The point? I haven’t read much of Rick Hautala’s work, and when I stumbled across Bedbugs, a collection of his short stories, I was curious. The first story I flipped to—I almost always read anthologies and collections out of order—was “Tunnels.” It is the story of a young graffiti artist named Ace. The story opens with Ace making a run down into a subway station trying to elude the police. He doesn’t stop until he’s actually in the subway tunnels—he dodges trains, stumbles around in the dark, and as he’s scouting for a good location to tag Ace meets a stranger who seems to know more than he should, and Ace’s world quickly changes forever.

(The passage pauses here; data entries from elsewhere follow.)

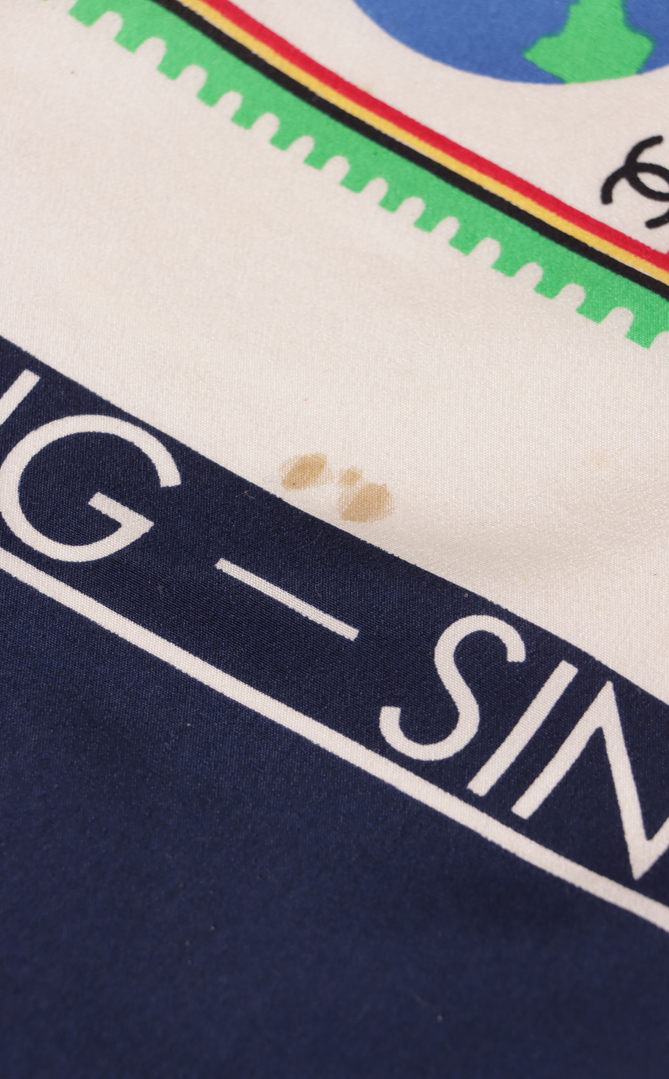 Bom, com aparência de usado. Apresenta leves manchas amareladas e de uso pelo tecido, especialmente do lado esquerdo frontal, na parte superior frontal e no canto inferior direito frontal e leve odor de item guardado.
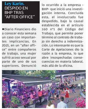 Ley Karin: Despidos en BHP tras “after office” - (El Mercurio de Antofagasta)
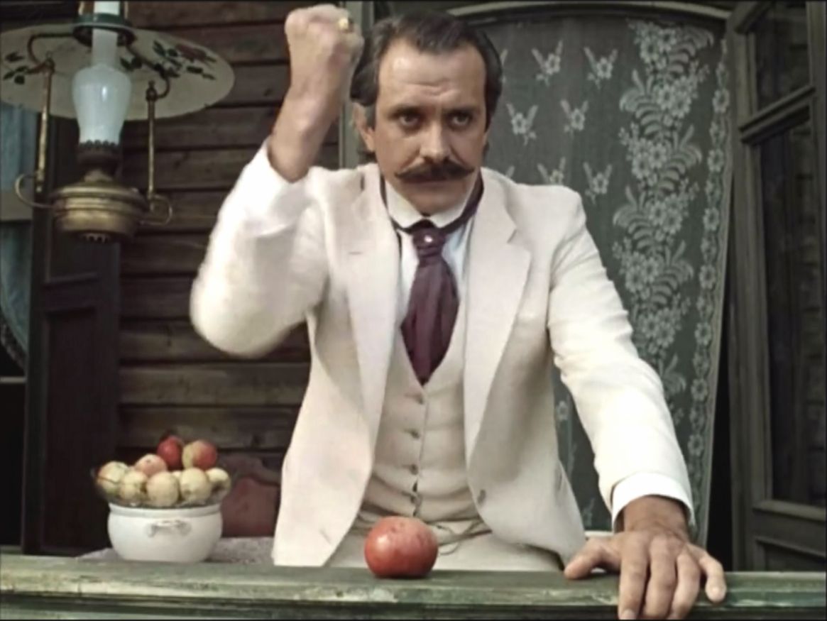 Помните, выше я писала, что есть люди, рождённые уничтожать. Помните, с каким наслаждением, с каким чувством собственной значимости он так театрально размозжил яблоко? Это было послание Карандышеву — «я тебя уничтожу».
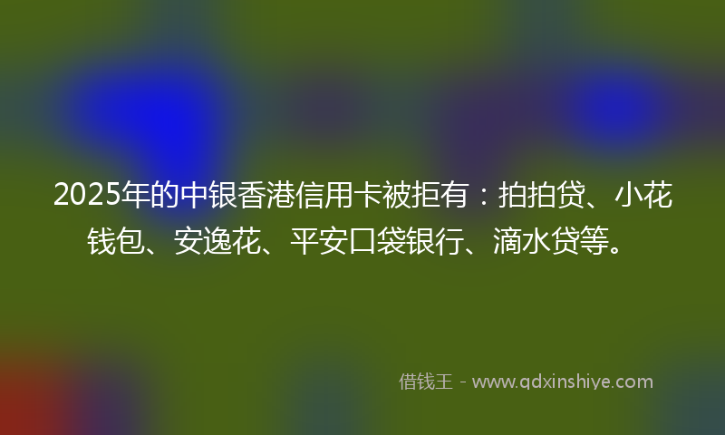 2025年的中银香港信用卡被拒有:拍拍贷、小花钱包、安逸花、平安口袋银行、滴水贷等。
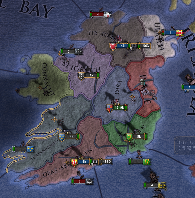 아일랜드를 그대로 내버려 두었다가 아일랜드에 강력한 통일국가 하나가 등장하고 얘네가 스코틀랜드나 다른 강대국들과 동맹을 맺게 되면 골치가 아파집니다. 따라서 소국들로 쪼개져 있을 초반 지금 이 순간에 모두 점령해야합니다.
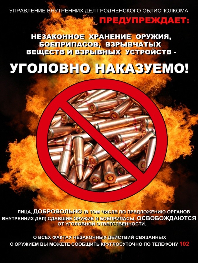 Владение незарегистрированным оружием, боеприпасами к нарезному оружию, взрывчатыми предметами и веществами предусматривает уголовную ответственность согласно ст. 295 УК РБ. Хотелось бы обратить внимание, что хранение даже незначительного количества патронов пригодных для производства выстрела уже образуют состав преступления и влечет уголовную ответственность. В то же время лицо, добровольно сдавшее оружие, боеприпасы и взрывчатые вещества и предметы согласно примечания ст. 295 УК РБ освобождается от уголовной ответственности.
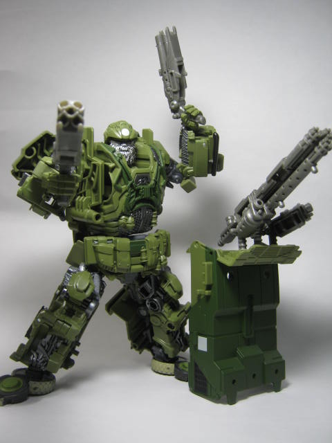 ハウンドも購入。予約してから随分経っていた為、正直な所興味を失っていたのですが、届いたので触ってみたら買って良かったと思えました。初期の宣材画像よりも緑が濃くなり、塗装も一部変更。ロストエイジ版の武器に変更された上にそれらを収納可能な荷台が追加されました。最後の騎士王版では劇中と違い荷台が無かった上に武器も違っていたのでそこを補完した仕様というのは嬉しい。最初はデカデカと残り変形パーツにならない荷台パーツが好きになれなかったのですが、武器を付けてみたらセントリーガンみたいで気に入りました。

“Tunnels” isn’t a story that slams you with a surprise ending. It doesn’t give you chills long into the night. “Tunnels” is, however, the kind of story that keeps the reader thinking about it long after it’s been read. It is also the kind of story that is written well, involving, and difficult to put down—it doesn’t hurt that it’s only fifteen pages. The plotting is snappy, the characters are developed well within the confines of the story, and the ending, while not surprising, fits the story perfectly. I liked this one a lot, and I bet I find a few more just as good in this collection.